Financial advisors practically steer clear of speculative stocks due to legal ramifications. Let’s face it. I’m not here for drama, but to enlighten. These stocks are risky business, with a higher chance of losing than winning.
But let’s be honest: speculative stocks have an allure. They’re akin to legalized gambling. Whether you’re in San Francisco, California, or Mobile, Alabama, you can dabble in chance, free from government intrusion.
However, venturing into speculative stocks demands more than whimsy. There are nuances to possibly tip the odds in your favor. And that’s precisely what we’ll delve into right now.
Hive Digital (HIVE)
If you’re keen on cryptocurrencies but wish to sidestep the sector’s logistical challenges like lost passwords or crypto exchange meltdowns, Hive Digital (NASDAQ:HIVE) might be the alternate avenue you seek. As a blockchain miner, your fortunes align somewhat with the benchmark digital currency’s price while steering clear of catastrophic mishaps.
Looking forward, analysts hold a consensus moderate buy rating for HIVE stock, with an average price target of $6.25. That’s a bullish estimate, which could propel shares up over 40% if materialized. Moreover, Stifel Nicolaus forecasts a potential $9 valuation for HIVE. If realized, investors could enjoy nearly 102% returns within a year.
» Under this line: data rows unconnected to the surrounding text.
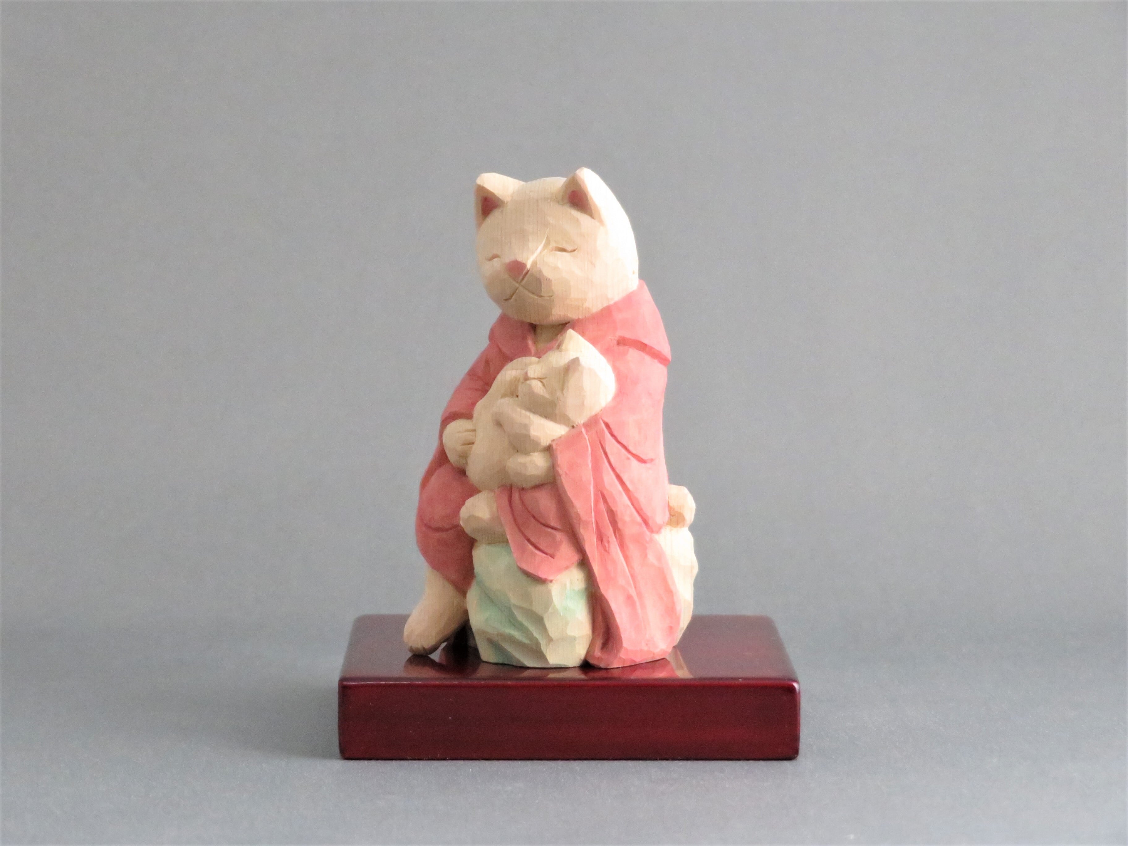 彫刻刀で丁寧に仕上げた後、木肌が見える程度に彩色をしております。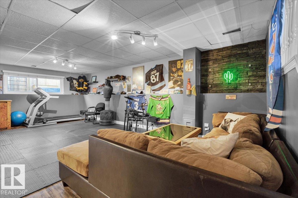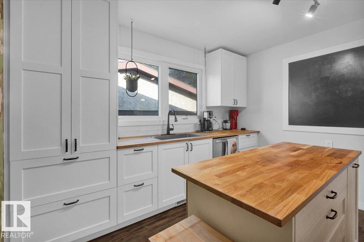 This is an exceptional opportunity whether you are looking for a family home or a great potential investment property. There is a separate entrance to the basement for future secondary suite potential. This 1100 sq ft 3 bedroom home is in great move in ready shape. Located in a convenient location on a bus route and just 2 mins from Whitemud Drive in Kiniski Gardens. Features a fantastic new renovated kitchen with butcher block counter tops and timeless white cabinets. The spacious dining area looks over the large living room with wood burning fireplace and vaulted ceilings. There are two large bedrooms and a 4 piece bathroom upstairs. The basement has a large rec room, one bedroom and a half bath. Loads of storage under the crawl space/laundry room. The back yard has new sod and a detached double garage. The roof is under 10 years old. This is a great place to call home.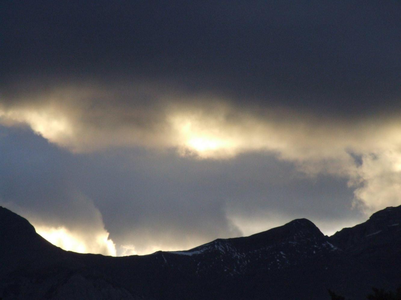 Yesterday we dropped from Sunwapta into the top of a cloud, rode straight through it in thick, miserable drizzle, then out the bottom. When we told the story later, someone remarked that in a car you'd do no more than turn on the lights and the windscreen wipers. It wouldn't occur that you were passing through a cloud. On a bike, on the other hand, it is face-tighteningly obvious.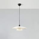Millinge pendel fra Markslöjd. Sort mat metal og skærm i hvid mat metal. 1,5m sort pvc kabel. Monteres med krog. 1xE27, max 40W. Lyskilde medfølger ikke.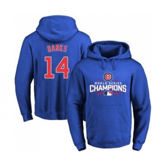 >Cubs #14 Ernie Banks Blue 2016 World Series Champions Pullover MLB Hoodie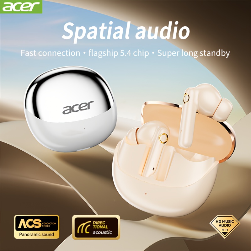 Les nouveaux écouteurs sans fil TWS Acer modèle 2025, parfaits pour la rentrée scolaire, offrent un son stéréo avec des basses profondes, une suppression du bruit des appels, une longue autonomie de la batterie, un design intra-auriculaire pour le sport et la course, un mode gaming à faible latence et un audio HIFI Dolby.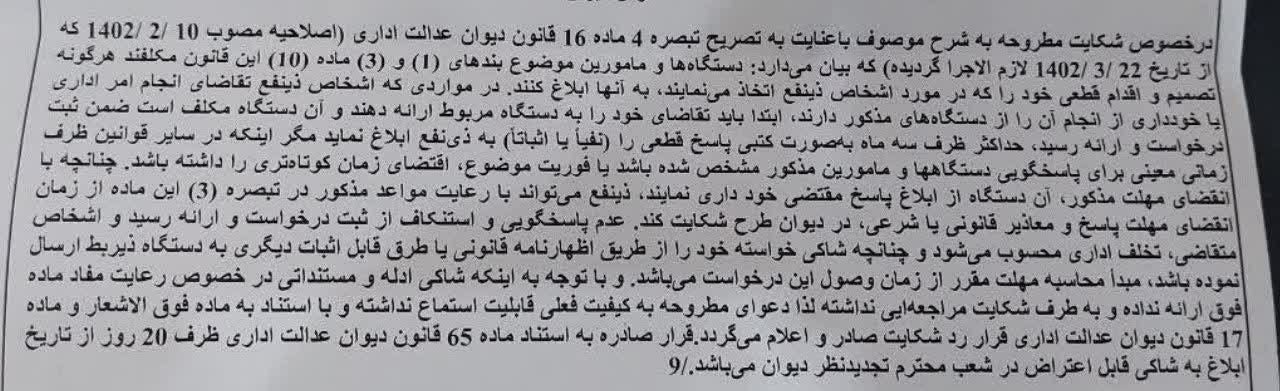 الرئيسية/قانونيقرار رفض الشكوى الصادر استناداً إلى القانون الجديد لديوان العدالة الإدارية.يقرأدقيقة واحدة -الثلاثاء 2024/10/22 - 23:47كود الأخبار:3704يشارك بناءً على الفقرة 4 من المادة 16 من هذا القانون، الذي أصبح نافذاً اعتباراً من 22 خرداد، في الحالات التي يطلب فيها الأشخاص المعنيون تنفيذ أمر إداري أو الامتناع عن تنفيذه، يجب أولاً تقديم طلبهم إلى الجهة المعنية، وبعد مرور فترة زمنية تبلغ ثلاثة أشهر، يكون لديوان العدالة الإدارية صلاحية التدخل والنظر في الأمر. إذا قام الأشخاص بمراجعة ديوان العدالة الإدارية قبل تقديم طلبهم إلى الجهة التنفيذية، يُصدر "قرار رفض الدعوى بناءً على عدم الاستماع". Take less than a minute, register and share your opinion under this post.Insulting or inciting messages will be deleted.اشتراكالقادم بعد ذلك هل تتذكر مذكرتي المُغلقة الموجهة إلى رئيس السلطة القضائية بعد قصف سجن إيفين بالصواريخ؟خواندن دقيقة واحدة مهمات نقابة المحامين في البرنامج الوطني لمكافحة غسيل الأموال وتمويل الإرهابخواندن دقيقتان هل هذا المتحدث على علم بالصلاحيات الواسعة الممنوحة للمحكمة الخاصة لرجال الدين للسماح بالتحقيق وجمع المعلومات من المتهمين والمشتبه بهم والأشخاص المرتبطين بهم؟خواندن دقيقة واحدة محسني إجیه، رئيس السلطة القضائية: لا يمكننا نشر أي محتوى غير صحيح وغير دقيق باسم مكافحة الفساد.خواندن دقيقة واحدة ماذا يحدث حقاً في مجلس إدارة نقابة محاميي جهارمحال وبختياري؟خواندن دقيقة واحدةالأكثر قراءةذكريات أكبر هاشمي رفسنجاني _ 1 اسفند 1378 ولقاء هو بعبدالله جاسبي وقلقه على نتائج الانتخاباتفیلم/أين العمید مرتضى طلاي؟مذكرات أكبر الهاشمي ــ 19 شهريفر 1378ـ استمرت المفاوضات السياسية بين الرجلين مع واز الطبسي حتى اصطحبه إلى طهران، وفي النهاية قرر الهاشمي على ما يبدو أن يخوض انتخابات البرلمان السادس بجدية من هنا.تشير سجلات المجلس الإسلامي الحديثة إلى أن البرلمان ليس رئيس الشؤون ولا يمكنه التدخل أو الموافقة على صلاحيات القائد العام للقوات المسلحة على أي مستوى ناهيك عن الإشراف عليها.ماذا سيحدث لمستقبل إيران مع المرشحين المعلنين للانتخابات الرئاسية؟ / حوار مع الدكتور تقي آزاد ارامكيهل يمكن الشعور بالتعب معك؟تعيين طبيب بيطري من قوا الباسيج رئيساً للشبكة الصحية بدلاً من جراح الأذن والأنف والحنجرة!مذكرات أكبر هاشمي ــ 14 سبتمبر 1378 ــ استمرت لقاءات كبار مديري الجهاز القضائي مع هاشمي رفسنجاني وشكواهم من إهمال رئيس القضاء الجديد هاشمي الشاهرودي.مذكرات أكبر الهاشمي -16 شهريور 1378- التقى الهاشمي مرة أخرى هذه المرة بعد أن التقى الراحل واز الطبسي بجهود عدة لتشجيع الهاشمي على المشاركة في الانتخابات.مذكرات اكبر الهاشمي-18 شهريفر 1378-استمرار جولة الممتلكات والمباني والأعمال في أستان المقدس

So, what might fuel such a robust surge? Simply put, the forthcoming halving event for the benchmark cryptocurrency. Long story short, the reward for mining this digital asset should diminish, curbing supply growth amidst fervent demand. If you believe in the adage “buy the rumor, sell the news,” HIVE could be an enticing speculative play.
Biomea Fusion (BMEA)
As a biotechnology company, Biomea Fusion (NASDAQ:BMEA) harnesses drug design and operational expertise to fabricate original covalent small molecules for treating severe and life-threatening ailments. Remarkably, all its molecules are homegrown, highly selective, targeted medicines addressing critical disease mechanisms.
According to a National Institutes of Health publication, small-molecule covalent inhibitors have introduced practical methods for targeting hitherto “undruggable” proteins. Hence, Biomea’s innovations could potentially crack some of the most challenging diseases.
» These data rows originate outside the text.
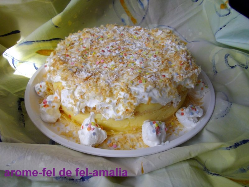 Cand eram copil nu era usor sa tii o petrecere. Dar mama gasea intotdeauna resurse si ne incanta, pe mine si pe fratii mei, cu mancaruri delicioase si mult-iubitul "Cremes". Era si va ramane prajitura mea preferata. Anul acesta, de ziua mea, am incercat sa il imbrac intr-o haina noua, de sarbatoare. Sper sa va placa ceea ce a iesit.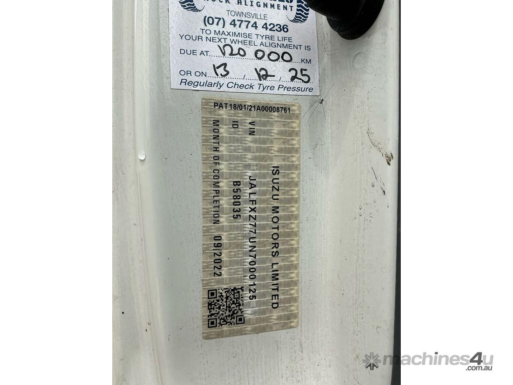 CP: CIRCA 2022,Isuzu,FXZ240-350,Flat Top Cargo Truck,Automatic,Leaf Suspension ,Isuzu,6 Cyl,Diesel,Odometer not visible,Hourmeter not visible,Colour: White,Rego. No: XB57LD QLD,VIN: JALFXZ77UN7000125,Sold with No Plates,WOVR Status: Statutory Write-Off,Incident Type: Impact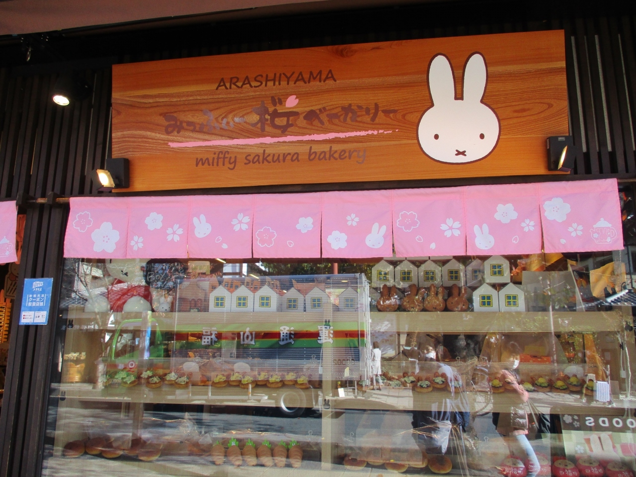 嵐山のメイン通りを歩いていてお店を見つけました。みっふぃー桜べーかりーの隣にはみっふぃー桜きっちんというお店があり、中はつながっています。べーかりーはパン屋さん。きっちんは雑貨などが売られています。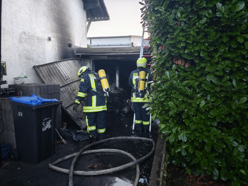Bereits auf der Anfahrt konnte eine schwarze Rauchsäule festgestellt werden. Das ersteintreffende Fahrzeug der Löschgruppe Vlatten fand eine Garage im Vollbrand vor, welche direkt an ein Wohnhaus angebaut war. In der Erstphase des Einsatzes bestand die Gefahr des Übergreifens auf das Wohngebäude. Umgehend wurden zwei C-Rohre unter umluftunabhängigem Atemschutz zur Brandbekämpfung sowie zur Riegelstellung zum Wohnhaus vorgenommen.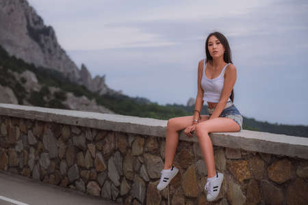Beautiful young woman travels through a mountainous area. The concept and idea of a summer holiday, hitchhiking, finding your own way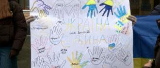 До Дня Соборності України у Вінниці утворили «Живий ланцюг єднання» За інформацією: Суспільне Вінниця. Плакат у руках учасниці акції. Суспільне Вінниця У руках учасники Новости Винницы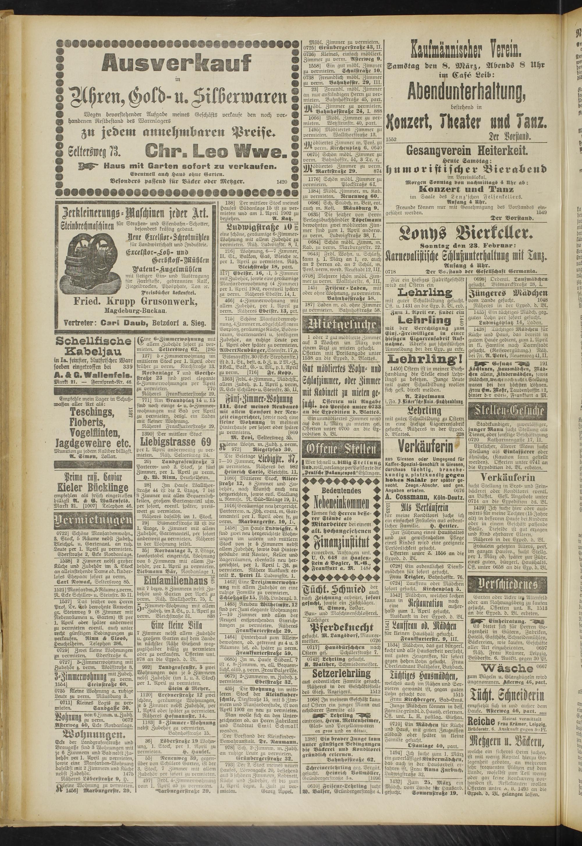 138] Der mittlere Stock meines Hauses Südanlage 15 ist zu vermieten und am 1. April 1902 zu beziehen._____________A. Katz.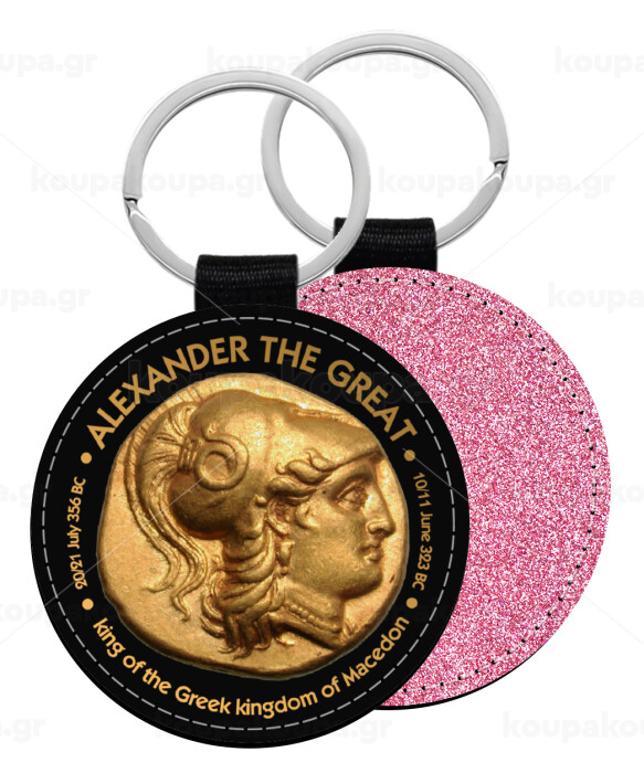 Alexander the Great, Μπρελόκ Δερματίνη, στρογγυλό ΡΟΖ (5cm)

Admittedly, BMEA garners substantial bearish attention. The options flow screener reveals a substantial volume of sold calls and bought puts for Biomea. Additionally, it registers a short interest of 51.52% of its float, with an almost 16 days-to-cover short interest ratio.
Nonetheless, such profound pessimism could backfire on the bears. Evidently, analysts unanimously rate its shares a strong buy with a $58.50 target, signaling a potential over 237% upside. If you fancy a gamble, BMEA ranks among the tantalizing speculative stocks.
Trupanion (TRUP)
A provider of pet insurance, Trupanion (NASDAQ:TRUP) offers and administers cat and dog insurance in the U.S., Canada, Australia, and Puerto Rico. The company’s insurance plans cover hereditary and congenital conditions, with unlimited annual caps, customizable deductibles, and veterinary direct payments.
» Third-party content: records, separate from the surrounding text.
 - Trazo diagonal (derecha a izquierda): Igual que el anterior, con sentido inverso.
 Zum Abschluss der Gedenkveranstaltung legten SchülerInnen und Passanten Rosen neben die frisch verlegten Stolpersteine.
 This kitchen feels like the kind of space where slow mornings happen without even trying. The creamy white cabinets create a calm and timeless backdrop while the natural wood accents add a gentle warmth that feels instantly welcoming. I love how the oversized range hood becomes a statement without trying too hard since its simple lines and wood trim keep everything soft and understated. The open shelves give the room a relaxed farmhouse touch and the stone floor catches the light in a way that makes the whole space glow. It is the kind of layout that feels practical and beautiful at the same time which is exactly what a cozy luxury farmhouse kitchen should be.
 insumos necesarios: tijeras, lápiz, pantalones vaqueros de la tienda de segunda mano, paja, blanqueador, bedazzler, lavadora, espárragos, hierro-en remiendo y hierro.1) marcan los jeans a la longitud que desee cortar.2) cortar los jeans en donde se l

Fundamentally, the tale of TRUP stock revolves around one fundamental truth: Americans adore their furry companions. In 2022, the American Pet Products Association revealed that total domestic pet industry spending hit $136.8 billion. And in the preceding year, that number stood at $143.6 billion. However, pet-owning households grappled with considerable hardships, an issue I highlighted in my interview with CGTN America.
Therefore, anything that safeguards and nurtures their pets while offering flexible cost structures would be a boon. This scenario could bode well for TRUP stock. Notably, Trupanion contends with a high short interest, constituting 38.46% of its float and a short interest ratio of 15.69 days to cover.
If TRUP defies the bears, it could soar due to a short-covering frenzy. Besides, TRUP boasts a consensus moderate buy rating with a $41.50 average price target. It’s one of the stimulating speculative stocks to ponder.
On the publication date, Josh Enomoto had no direct or indirect positions in the securities mentioned in this article. The opinions are solely those of the author, subject to InvestorPlace.com Publishing Guidelines.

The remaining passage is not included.